There is a ton of construction flotsam and jetsam. Traffic cones, concrete dividers, odd fences, steel plates on the ground. It looks like the working model for the idea that the plan never survives contact with reality.

As we come upon the traffic circle, our navigation tool says: Turn Left on Vine St.

The problem is that the directions worked before the city installed the brand new roundabout (or traffic circle if you’re from the East Coast). For the moment, it is impossible to see the left turn in the jumble of construction detritus. There are no road signs.  While the streets are the still the same, the directions are impossible to understand.
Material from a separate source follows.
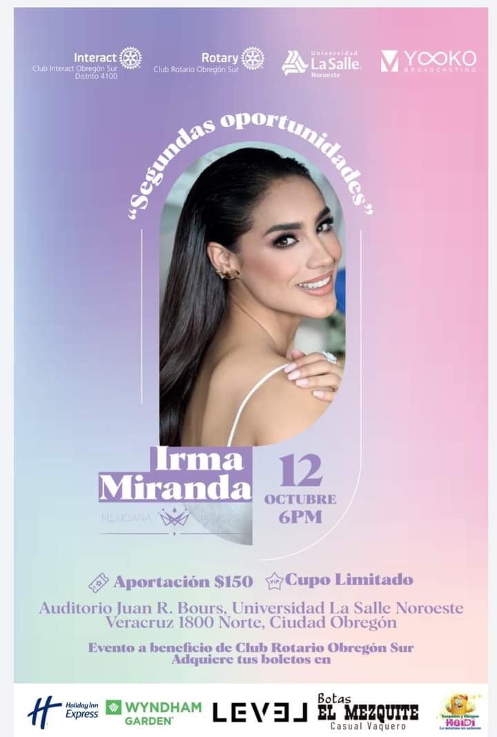 Conferencia que se ofrecerá en el Auditorio Juan R. Bours este miércoles 12 de octubre a las 6 de la tarde, a quienes deseen asistir y conocer a la ‘Mexicana Universal 2022’ y representante de México en ‘Miss Universo’ pueden adquirir sus boletos en el lobby del Wyndham Garden, de 12:00 a 7 de la tarde, los fondos que se logren reunir serán a beneficio del Club Rotario Sur.

My partner asserts, “That’s Vine St. over there, turn there!” As I begin to utter a small disagreement, I am overruled by the urgency in her voice.

It turns out that it wasn’t Vine St. My urge to grump and say, “I told you so” runs high. (I may have even given in to temptation ever so mildly 😉  )
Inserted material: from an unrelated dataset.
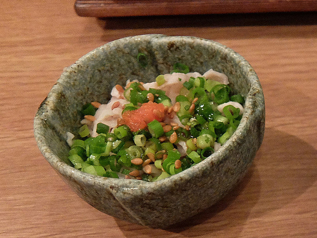 で、みなさん元気そうでした。よかったよかった。で、5年ぶりの新メニュー、低温調理のレバ刺しをいただいてみてびっくりですわ。トロけるような滑らかさでめっちゃ美味い。臭みなし。普通はにんにくとかでいただくんですが、僕は生姜で食べるのが最高でした。これはね、次回からはマストですな。これで延々呑めるわ。

Here we arrive at the next layer of challenge in the design of machine-led decision making. And, it has two parts.

Part one involves the clarity of the recommendation. Like any sort of direction or delegation, specificity in the guidance provided by the machine is important. When the guidance is unclear and the people receiving the guidance have to debate its meaning, all of the advantages of machine insight is lost. There are going to be some very expensive court cases involving the question of whether the instruction was clear. We will see debates about whether a person who thinks they are following an instruction are, in fact, following the instruction.

One way of saying this is that machines are inexperienced at managing people. In human to human communications, one judges the amount of required specificity very carefully. It is a measure of trust. Being very explicit is exactly what you do along the way to building that trust. Without variability in levels of specificity, machines will over-manage some and under manage others. Undermanaged workers produce liability. Overmanaged workers begin to ignore their bosses.
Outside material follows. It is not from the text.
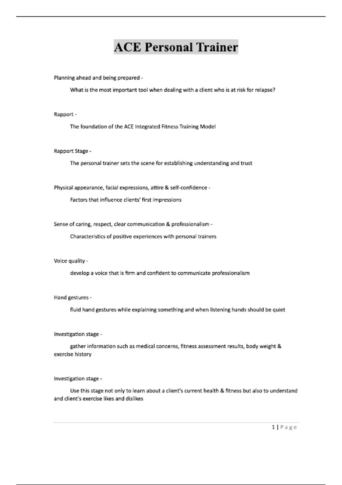 ACE Personal Trainer Test questions from Study Companion Which of the following is a known health benefit associated with physical activity for children? A. Reduced risk of depression B. decreased risk of falls C. lower risk of hypertension D. decreased cognition - A. Reduced risk of depression Which of the following is a known health benefit associated with physical activity for adults and older adults? A. decreased physical capacity B. improved chance of weight regain C. improved sleep D. increased LDL cholesterol - C. improved sleep Noncommunicable diseases are also referred to as: - - not contagious - preventable What are the exercise recommendations from the Physical Activity Guidelines for Americans? - 150 minutes of moderate cardio exercise or 75 minutes of high intensity cardio 2 days a week of strength training using every muscle group T or F: Personal trainer can prescribe dietary supplements to clients interested in improving performance. - False T or F: To truly affect chronic disease on a global level, health equity must be a priority for professionals across the full spectrum of healthcare in all communities. - True The primary purpose of professional certification is to: A. Counseling clients through life experiences that negatively impact program adherence B. Assessing clients for exercise limitation to facilitate exercise program design C. Evaluating client injuries while designing rehabilitative exercise programs D. Recommending effective supplement for client who skip meals - B. Assessing client for exercise limitations to facilitate exercise program design Which of the following is outside the ACE Certified Personal Trainer scope of practice? A. Developing exercise programs for clients how have type 2 diabetes and medical clearance for exercise

Undermanaged workers produce liability. Overmanaged workers begin to ignore their bosses. Neither situation is useful.

The second part involves keeping the flow of recommendations relevant to current circumstances. As much as their creators would like to believe otherwise, machines that learn work in environments that shift rapidly. Recommendations that worked yesterday may fail today. When the machine issues direction that turn out to be irrelevant or mistaken, their utility declines. 

It may be that the largest expense in owning a machine learning tool is monitoring the relationship between real circumstances and recommendations. This is a critical part of the task of supervising an algorithm. It’s sort of like the quality control required at the end of the line. So far, there do not appear to be any examples of tools that allow for this kind of quality control.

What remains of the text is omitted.